Improving Deep Learning Models for Pediatric Low-Grade Glioma Tumors Molecular Subtype Identification Using 3D Probability Distributions of Tumor Location

Background and Purpose: Pediatric low-grade glioma (pLGG) is the most common type of brain tumor in children, and identification of molecular markers for pLGG is crucial for successful treatment planning. Convolutional Neural Network (CNN) models for pLGG subtype identification rely on tumor segmentation. We hypothesize tumor segmentations are suboptimal and thus, we propose to augment the CNN models using tumor location probability in MRI data. Materials and Methods: Our REB-approved retrospective study included MRI Fluid-Attenuated Inversion Recovery (FLAIR) sequences of 143 BRAF fused and 71 BRAF V600E mutated tumors. Tumor segmentations (regions of interest (ROIs)) were provided by a pediatric neuroradiology fellow and verified by a senior pediatric neuroradiologist.

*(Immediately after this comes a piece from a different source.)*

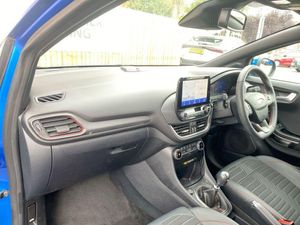 18in Alloy Wheels - 5-Spoke - Matt Black Machined Finish, ABS - Anti-lock Braking System, Acoustic Laminated Windscreen, Active Grille Shutter, Automatic Dimming Rear View Mirror, Automatic Headlights with Rain-Sensing Wipers and Auto High Beam, B&O Premium Audio System and Ford SYNC 3 Navigation, Carbon-Look Interior Deco Spears, Centre Console - Premium with Openable Stowage Area with USB Connectivity - 2 Cupholders and 12v Power Point, Courtesy Lights - Ambient LED Courtesy Lighting - Single Colour, Cruise Control - Lane Keeping Aid and Lane Departure Warning, Desert Island Blue, Driver Assistance Pack 1, Drivers Manual 4-Way Seat Adjustment with Manual Lumbar Adjust, Ecoboost Hybrid Tailgate Badge, Electric Windows - Front and Rear, Electronic Air Temperature Control - EATC, Emergency Brake Warning - Automatic Hazard Warning Lights, ESC - Electronic Stability Control and Hill Start Assist, First Aid Kit Strap, Floor Mats - Front and Rear, Ford MegaBox Extended Bootspace, Ford Power Starter Button, Front Bumper - Unique ST-Line Sport Design - Body Colour, Front Fog Lights with Cornering lights and LED Rear Lamps, Front Seats - Sports Style, Full Digital 12.3in Instrument Cluster, Gear Knob - Aluminium, Handbrake - Black Sensico Trimmed with Stitching, Headliner - Deluxe, Instrument Panel - High Level, Intelligent Speed Assistance, Large Rear Spoiler - Body Colour with Centre High Mounted Stop Light, Locking Wheel Nuts, Lower Bodyside Moulding - Body Colour, Partial Premium Sensico - Black with Red Stitching, Passenger 4-Way Seat with Lumbar Adjustment, Post Collision Braking, Power Steering, Power-Foldable Heated Door Mirrors with Puddle Lamps, Pre-Collision Assist with Autonomous Emergency Braking and Pedestrian-Cyclist Detection, Privacy Glass, Projector Headlamps with LED Daytime Running Lights, Puma Badge, Quickclear Heated Windscreen, Rear Bumper Body Colour - Diffuser, Rear Parking Sensors, Rear Seats - 2-Way Head Restraint Up-Down, Rear Seats - Second Row 60-40 Folding Seats, Remote Central-Double Locking, Restrain Device Pack, Selectable Driving Modes - Normal - Eco - Sport - Slippery and Trail, Soft-feel Gearshift Boot with Red Stitching, Speed Limiter, Sports Suspension, ST-Line Badge, ST-Line Body Styling Kit, ST-Line Flat-Bottomed Leather Steering Wheel with Unique Red Stitching, Tailgate - Manual, Thatcham Alarm, Traction Control and Emergency Braking Assistance, Trip-Fuel Computer, Tyre Inflation Kit, Tyre Pressure Monitoring System - TPMS, Wireless Charging Pad with Electronic Air Temperature Control EATC
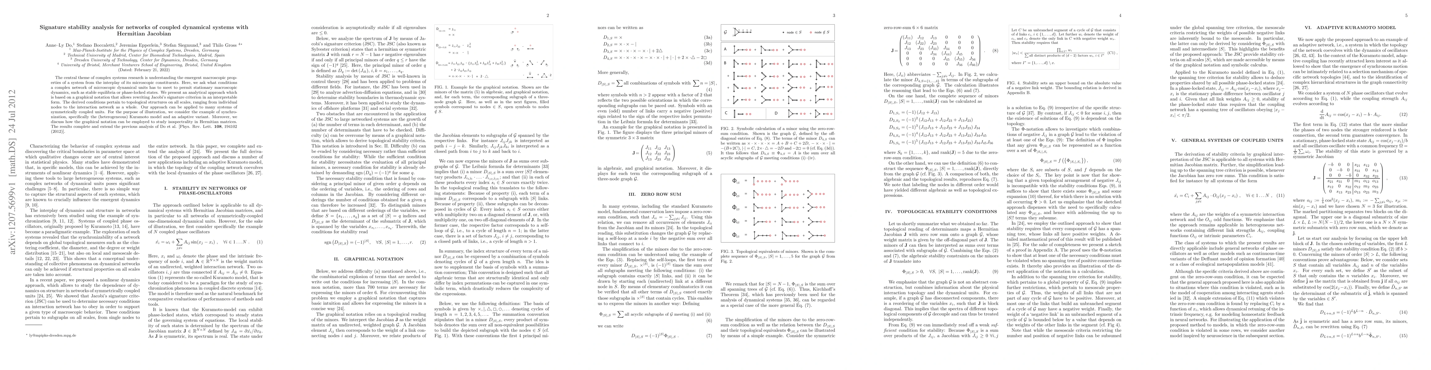 The central theme of complex systems research is understanding the emergent macroscopic properties of a system from the interplay of its microscopic constituents. Here, we ask what conditions a complex network of microscopic dynamical units has to meet to permit stationary macroscopic dynamics, such as stable equilibria or phase-locked states. We present an analytical approach which is based on a graphical notation that allows rewriting Jacobi's signature criterion in an interpretable form. The derived conditions pertain to topological structures on all scales, ranging from individual nodes to the interaction network as a whole. Our approach can be applied to many systems of symmetrically coupled units. For the purpose of illustration, we consider the example of synchronization, specifically the (heterogeneous) Kuramoto model and an adaptive variant. Moreover, we discuss how the graphical notation can be employed to study isospectrality in Hermitian matrices. The results complete and extend the previous analysis of Do et al. [Phys. Rev. Lett. 108, 194102 (2012)].

In each experiment, we randomly split the data into development and test with an 80/20 ratio. We combined the 3D binary ROI masks for each class in the development dataset to derive the probability density functions (PDF) of tumor location, and developed three pipelines: location-based, CNN-based, and hybrid. Results: We repeated the experiment with different model initializations and data splits 100 times and calculated the Area Under Receiver Operating Characteristic Curve (AUC). The location-based classifier achieved an AUC of 77.90, 95% confidence interval (CI) (76.76, 79.03). CNN-based classifiers achieved AUC of 86.11, CI (84.96, 87.25), while the tumor-location-guided CNNs outperformed the formers with an average AUC of 88.64 CI (87.57, 89.72), which was statistically significant (Student's t-test p-value 0.0018). Conclusion: We achieved statistically significant improvements by incorporating tumor location into the CNN models. Our results suggest that manually segmented ROIs may not be optimal.